נפעל (nifaal) serves usually for passive voice but can be used also for reciprocity. 
That's the case here.


----------



## Edan

perfect. Thanks Gadyc!


----------



## בעל-חלומות

When you want to use "each other" with verbs that don't work as well in בניין נפעל though, it's "אחד את השני", or "אחד לשני".


----------



## cfu507

שניהם נפגשו בקניון or שניהם פגשו אחד את השני בקניון


----------



## Mjolnir

I agree with the above answers.
​שניהם נפגשו בקניון
שניהם פגשו אחד את השני בקניון
​


----------



## girloncrack

Would you ever say in hebrew נפגשו אחד עם השני? (using עם instead of את or ל)


----------



## Gadyc

נפגשו is a passive tense and/or reciprocal , so the two people are subject in this sentence. 
so: הם נפגשו 

פגשו is active tense so "they met *each other*", the object is needed.
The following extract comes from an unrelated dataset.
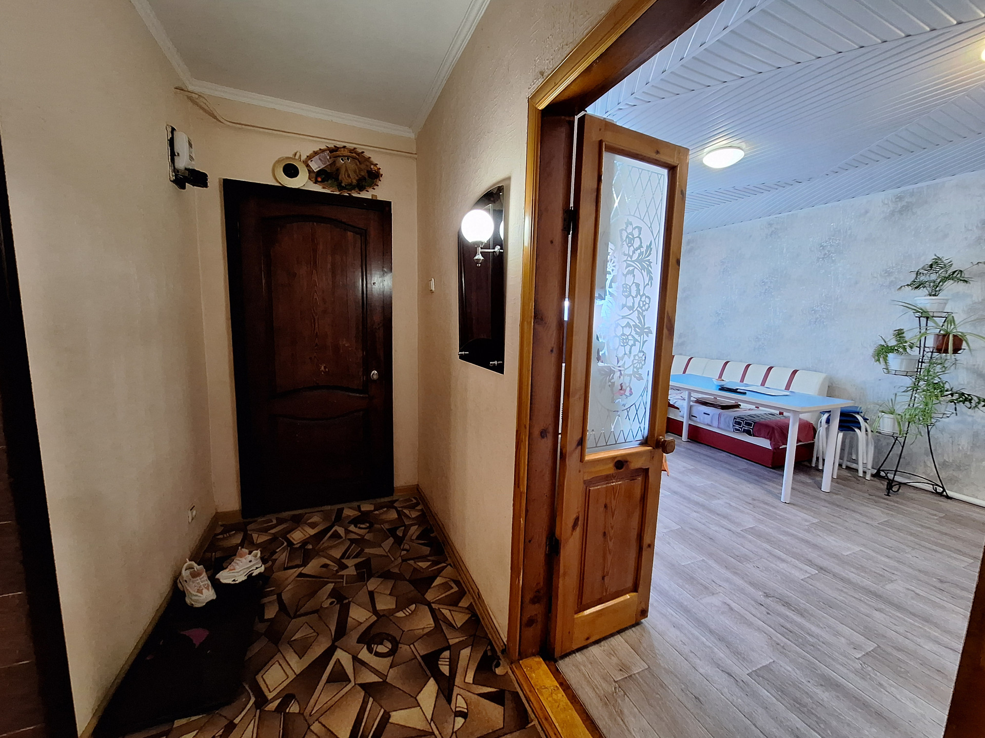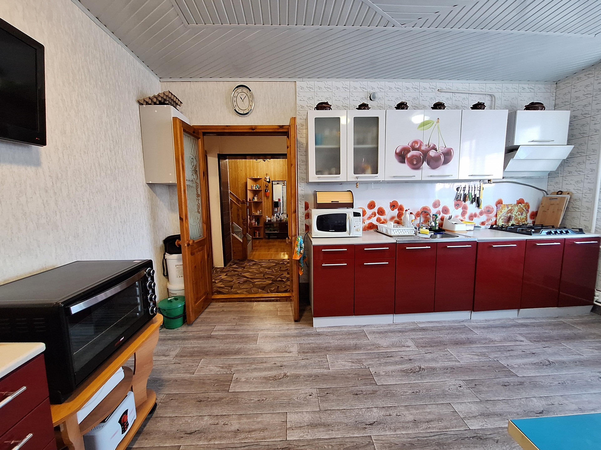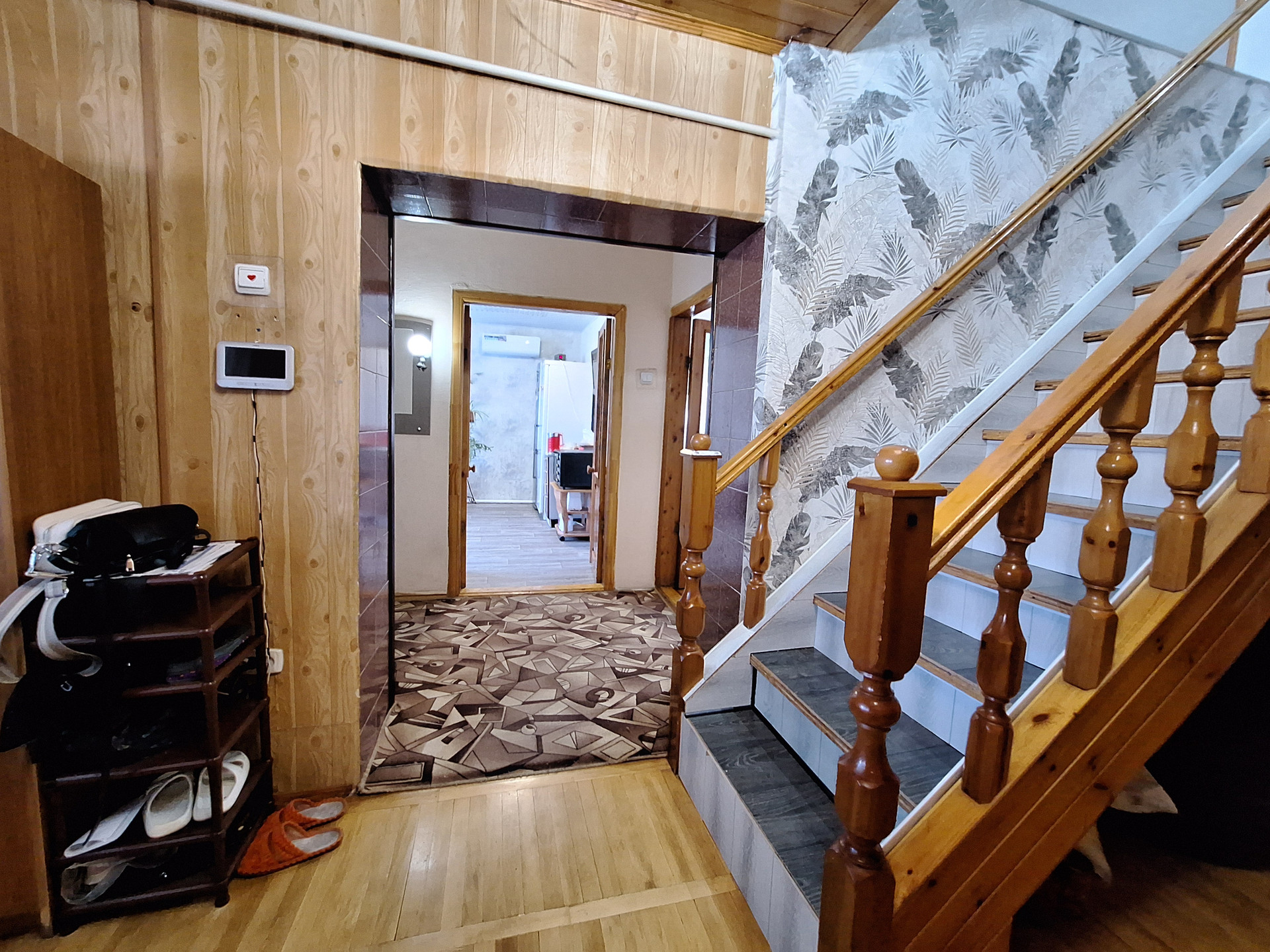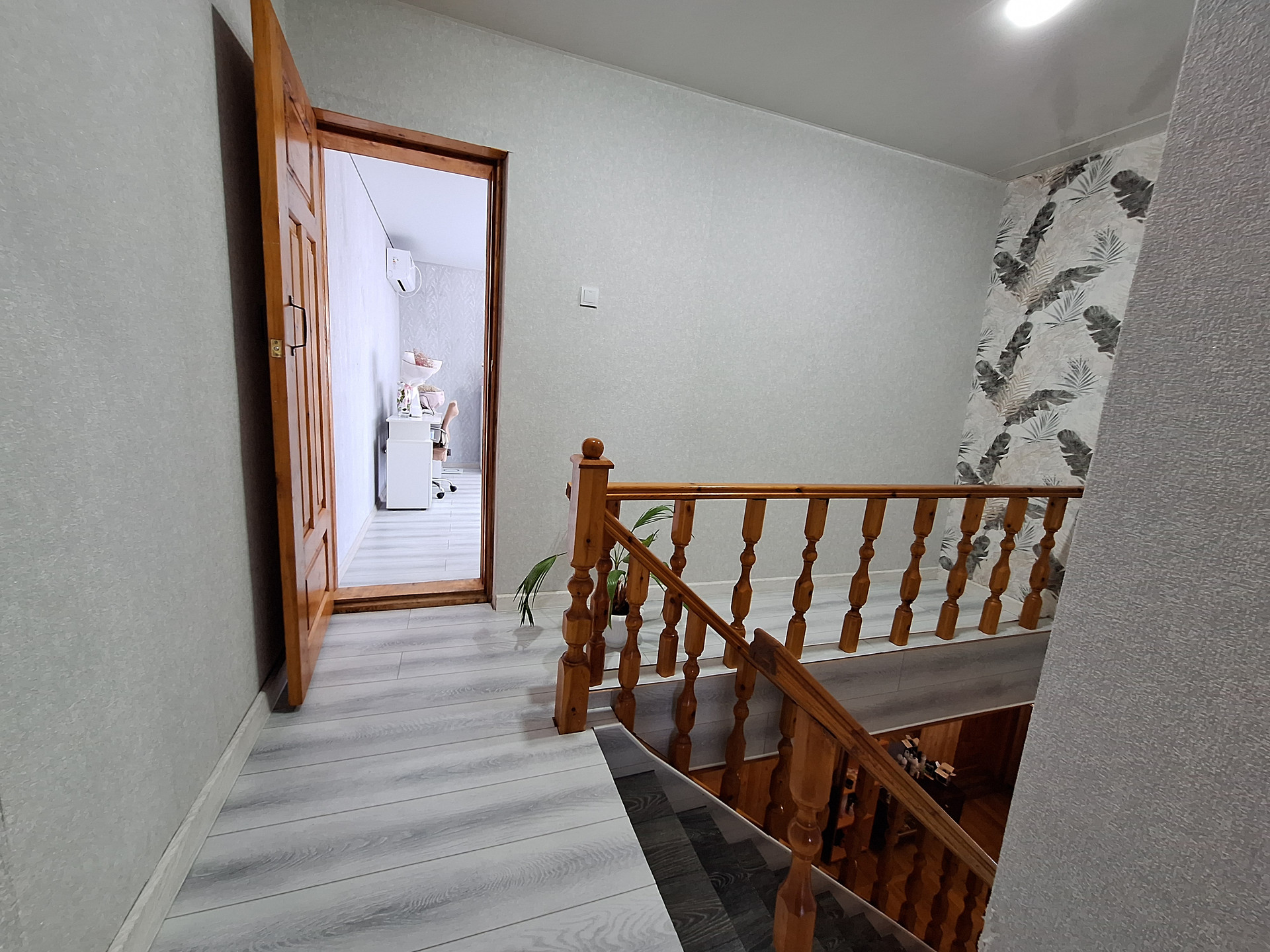На первом: Просторная комната-28.6 кв.м, кухня-17.9 кв.м., раздельный санузел, коридор, подвал для хранения заготовок с освещением-47.3 кв.м., ., есть выход в гараж(С ЯМОЙ)-16.5 кв.м. Лестница из дерева , поверх ламинат, выведены провода подсветки . Окна частично пластиковые и деревянные.

In the active tense, you should mention who did they meet, and it was found that "each other".

Second though: נפגשו אחד עם השני is maybe not really a mistake but it sounds colloquial.


----------



## cfu507

הם *פגשו* אחד *את* השני
הם *נפגשו* אחד *עם* השני


----------



## Mjolnir

girloncrack said:


> Would you ever say in Hebrew נפגשו אחד עם השני? (using עם instead of את or ל)



Yes, נפגשו אחד עם השני is correct.


----------



## Gadyc

By the way, near the topic:

"ודייק" , the miythological "right Hebrew" book , does not agree with "אחד עם השני". He prefers "זה עם זה" because "אחד עם השני" refers to counted person, one is 1st and the other is second.
Personally, I dont accept this distinction and I am not sure the Accademy did.


----------



## utopia

Actually if I'm not mistaken, it is not considered standadised by the Hebrew Academy.

I think you have זה עם זה, האחד (עם,את וכו') רעותו, האחד (את, עם וכ') חברו... as it's biblical are ok.


----------